• [EXERCISE INSTRUCTIONS] After locating the line with "Human Growth &", set down that line and all the lines that follow it, unchanged, to the end of the records; omit the pictures.

• [DATA PROVIDED]

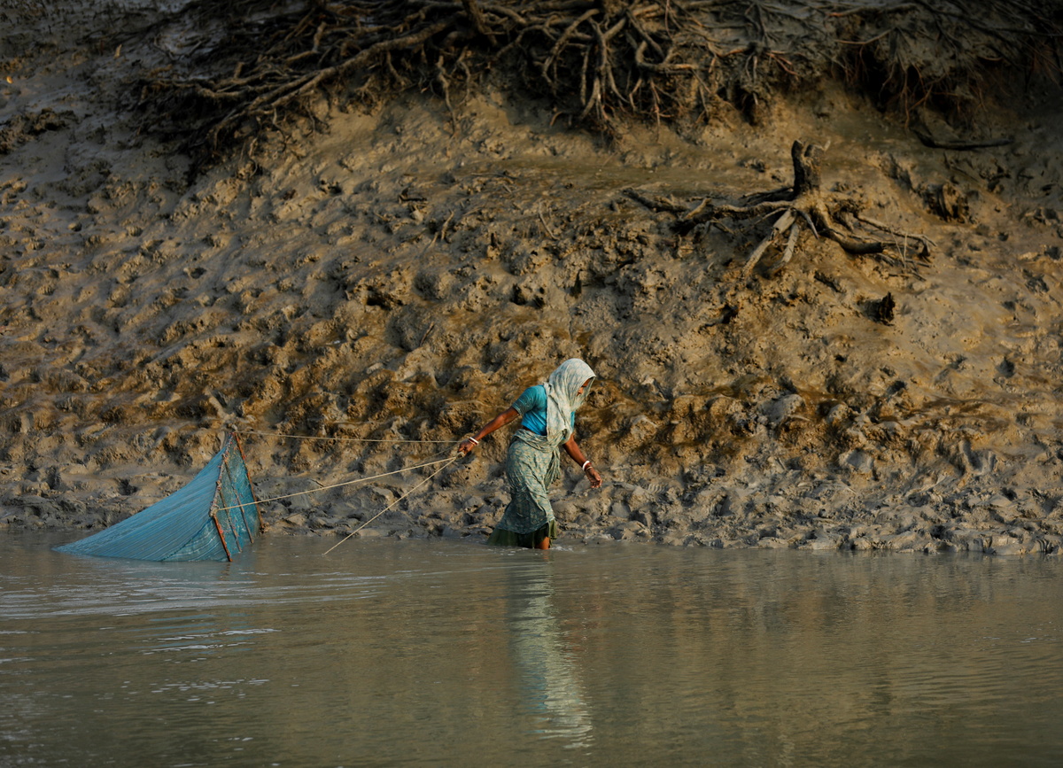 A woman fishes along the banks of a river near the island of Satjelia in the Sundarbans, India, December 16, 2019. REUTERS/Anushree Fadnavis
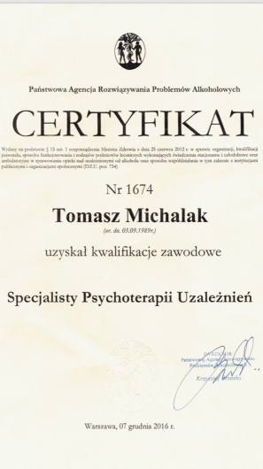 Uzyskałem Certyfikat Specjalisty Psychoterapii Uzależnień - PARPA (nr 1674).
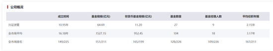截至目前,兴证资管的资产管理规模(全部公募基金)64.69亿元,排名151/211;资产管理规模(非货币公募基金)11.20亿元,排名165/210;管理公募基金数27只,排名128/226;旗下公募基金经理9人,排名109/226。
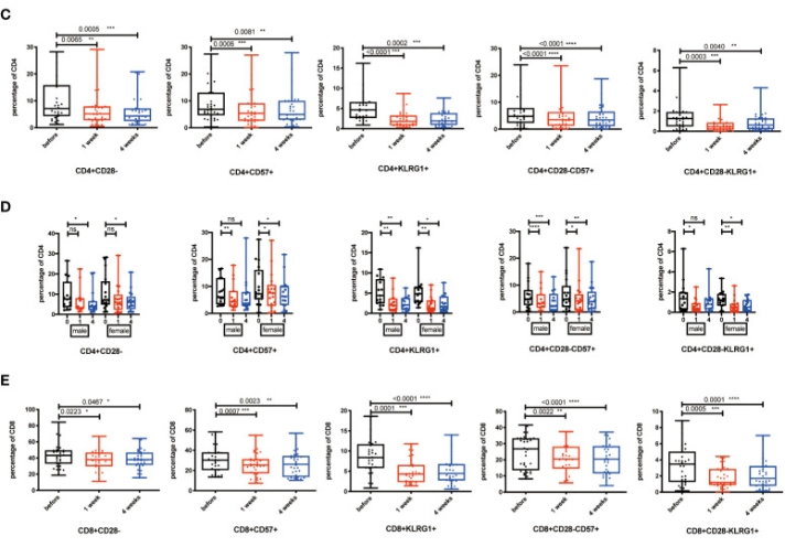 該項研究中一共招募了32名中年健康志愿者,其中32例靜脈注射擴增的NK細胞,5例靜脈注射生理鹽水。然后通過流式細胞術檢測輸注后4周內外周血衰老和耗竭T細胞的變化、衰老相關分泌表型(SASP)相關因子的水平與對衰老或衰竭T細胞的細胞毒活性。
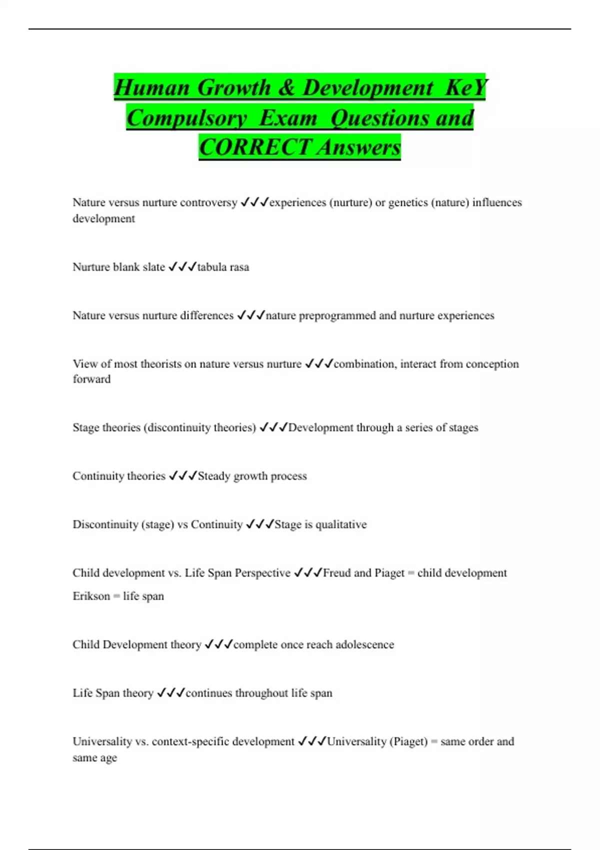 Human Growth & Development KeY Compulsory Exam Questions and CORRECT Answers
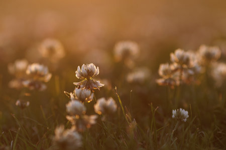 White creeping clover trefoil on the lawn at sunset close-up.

• [REPLY]
 Human Growth & Development KeY Compulsory Exam Questions and CORRECT Answers
 White creeping clover trefoil on the lawn at sunset close-up.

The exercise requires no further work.